There are no security risks with snappy packages that there aren't with any other existing Linux packaging systems.

But that's more or less what he's saying though, if you read his original blog post. His gripe isn't that it's defect security-wise, but rather that it's being marketed as capital-s Safe. As long as programs run under the X protocol, everything is up for grabs. Snappy doesn't change that fact at all, so widely claiming it makes it impossible to steal data would be cherry-picking Mir behaviour.


"Snaps are intended to make it easier to distribute applications for Ubuntu - they include their dependencies rather than relying on the archive, they can be updated on a schedule that's separate from the distribution itself and they're confined by a strong security policy that makes it impossible for an app to steal your data.

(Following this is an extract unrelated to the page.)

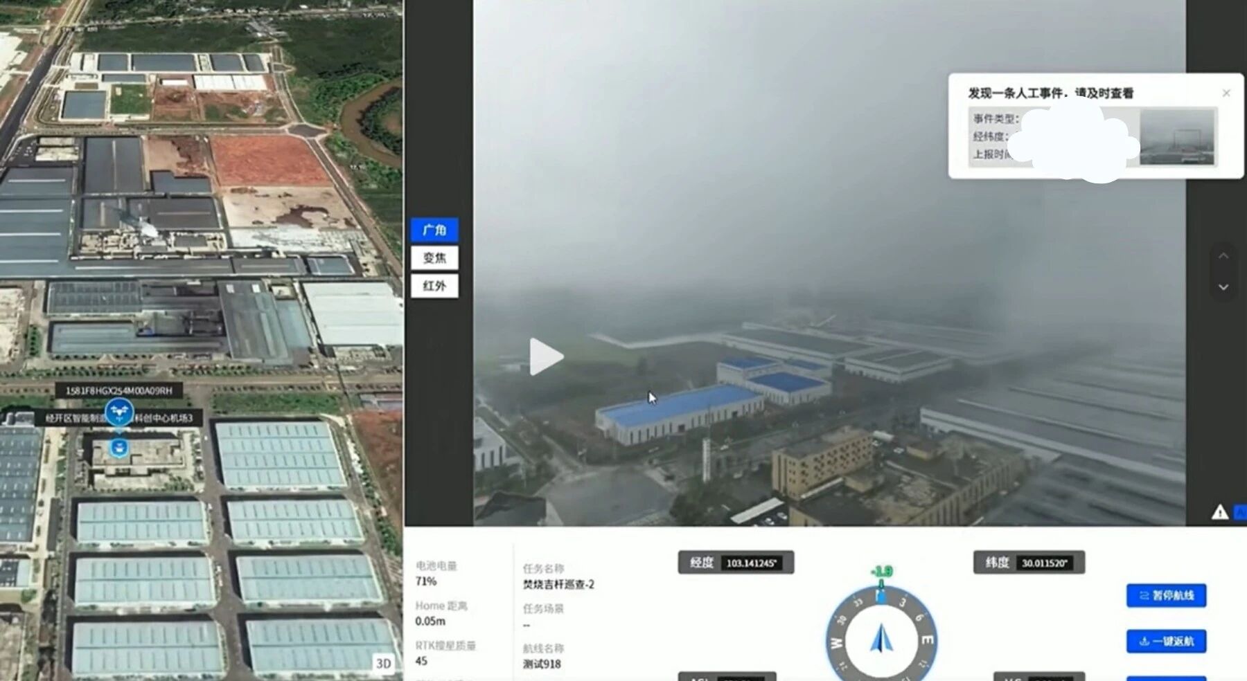 一飞统报。飞享家可一飞统报所有问题点,在飞行过程中同时运行AI算法库中的上百种算法,一旦发现兴趣点,立即上报指控大屏并自动派发工单,通过短信、邮件、系统等多种方式提醒后台人员,实时远程接管无人机进行喊话制止或采取其他动作,空地联动引导地面人员快速处置,完成事件处理的闭环。

At least, that's what Canonical assert. It's true in a sense - if you're using Snap packages on Mir (ie, Ubuntu mobile) then there's a genuine improvement in security. But if you're using X11 (ie, Ubuntu desktop) it's horribly, awfully misleading. Any Snap package you install is completely capable of copying all your private data to wherever it wants with very little difficulty.

The problem here is the X11 windowing system. X has no real concept of different levels of application trust. Any application can register to receive keystrokes from any other application. Any application can inject fake key events into the input stream. An application that is otherwise confined by strong security policies can simply type into another window. An application that has no access to any of your private data can wait until your session is idle, open an unconfined terminal and then use curl to send your data to a remote site. As long as Ubuntu desktop still uses X11, the Snap format provides you with very little meaningful security. Mir and Wayland both fix this, which is why Wayland is a prerequisite for the sandboxed xdg-app design."


Sandboxing is good but I'm not convinced shipping duplicates of libraries with each program is. Packages were meant to solve this and they do, though .so version conflicts is a thing (albeit a rare one).